I think you’re proving my point again. Barr wasn’t even an architect, but through you he’s had this big influence.

Yeah, that’s right. And I helped him in return. That’s a fair exchange. I see now: Taste leaders, by influencing other people, then influence the world?

Something like that. Think about Gehry. If he came along with his personal vision at a time when the ground had not been prepared, people might have laughed at him.

Maybe that’s why Frank’s so nice to me. Eisenman I can see. He likes me because I can help him with his fame.

But before Eisenman got interested in making physical monuments, I think he was interested in just this kind of power-brokering. Following your example, he was busy changing the climate of taste, though I’m sure he would put it differently. Am I giving you too much credit?
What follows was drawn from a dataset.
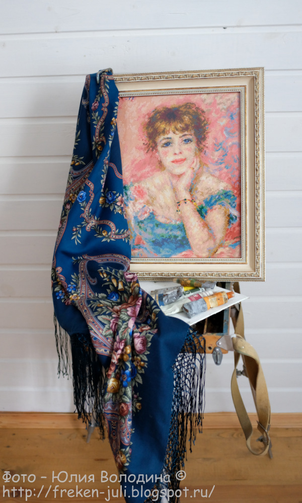 Оформляла я, ты права под конкретную комнату на даче и так, что две работы гармонично смотрелись в паре рядом. Портрет Жанны Самари у меня в светлой раме.

It’s the other way around: I discovered him. But maybe now he thinks it would be a good idea to have his name tied to mine. So when he got a big job to do a casino in Atlantic City — the biggest casino in the world — he said, “I’ll take the job, but only with Philip Johnson.” We both took the job. And we both walked out.

Why?

He’s his own architect.

Eisenman?

No, the developer [Steve Wynn]. We loved him, and we both worked our asses off for him, but he wasn’t open to architecture as we saw it. We had twinkles in our eyes. Two billion dollars to spend! Can you imagine? So maybe we went too fast, but I doubt it. I’m pretty malleable.

Is Eisenman?

No. He’s not malleable at all, which is why I didn’t think he’d ever make it, but he’s changed.

What’s helped him to get as far as he has?

Not me. Oh, well, maybe. It might be me.

And if he should ever go on to make an epochal building like Bilbao, wouldn’t it exist in part only because you helped pave his way?

I think you’re wrong, but I see your point. I don’t give myself that much credit. All right: I can talk. I am a persuasive talker. I do meet with people “outside,” in the world of clients. But I don’t influence them. If I did, I’d have more work.

Maybe I’m affected by the old Victor Hugo canard that books are more lasting than buildings, but I feel that certain people — I don’t want to mention any names — who have the ability to communicate ideas and charm people, can have as great an impact on the direction of architecture as those who design the buildings. Take you and Mies, for instance. You were instrumental in his getting the commission for this building. If you hadn’t set the stage through power-brokering, we wouldn’t be sitting in the Seagram Building right now.

Yes, I got him the job. Alfred Barr turned Phyllis Lambert over to me. She came and said, “How do I find an architect?” I said, “I’ll drive you around the country, and we’ll find one.” Then I sort of inched her over until she liked Mies the best. I didn’t say, “You’ve gotta pick Mies,” but I was influential. That’s power, huh?

Yeah, that’s it.

Okay, I was helpful in getting Mies this important job.

I’m not sure that’s where it stops.

That’s where I think it stops. I think any real power you read into it is an illusion. So I’m a good little helpful puppy dog that can smile at some people like Mrs. Lambert. But I can’t charm anybody else. Why haven’t I got General Motors to build something?

You didn’t help Eero Saarinen to get work with General Motors in the 1950s?

No, I did not! He was never one of my protégés. But you got me there. All right, I have power.